* **EXERCISE OBJECTIVE**
Using the listing below, print the line containing "This was the", the line containing "Könighaus stående infravärme", and each line between them, exactly and nothing else. Pictures stay out of the print.

* **GIVEN ENTRIES**

▽

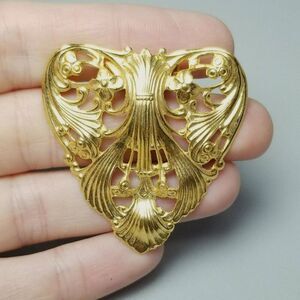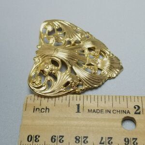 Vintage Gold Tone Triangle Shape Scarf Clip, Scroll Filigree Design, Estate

△
▽

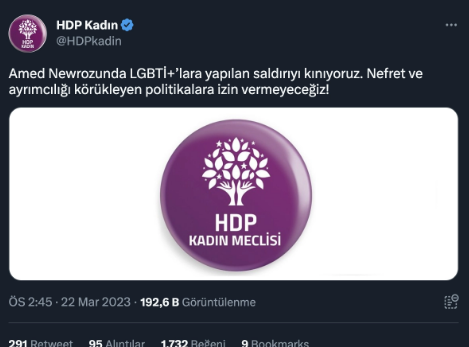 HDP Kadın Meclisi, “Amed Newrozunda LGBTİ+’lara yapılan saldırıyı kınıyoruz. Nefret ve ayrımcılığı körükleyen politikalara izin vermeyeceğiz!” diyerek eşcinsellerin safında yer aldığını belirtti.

△
▽

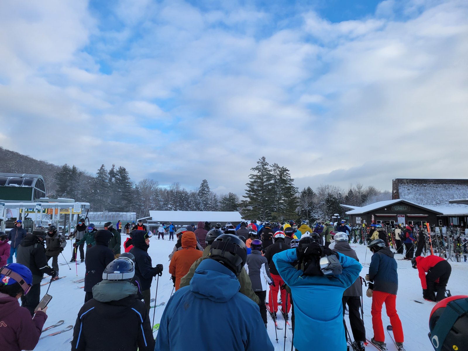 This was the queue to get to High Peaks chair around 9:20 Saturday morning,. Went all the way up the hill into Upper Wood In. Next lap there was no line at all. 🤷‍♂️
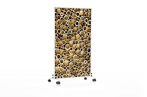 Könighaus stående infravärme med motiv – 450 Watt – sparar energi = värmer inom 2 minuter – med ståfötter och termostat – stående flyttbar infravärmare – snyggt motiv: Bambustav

△

* **SOLUTION BELOW**
 This was the queue to get to High Peaks chair around 9:20 Saturday morning,. Went all the way up the hill into Upper Wood In. Next lap there was no line at all. 🤷‍♂️
 Könighaus stående infravärme med motiv – 450 Watt – sparar energi = värmer inom 2 minuter – med ståfötter och termostat – stående flyttbar infravärmare – snyggt motiv: Bambustav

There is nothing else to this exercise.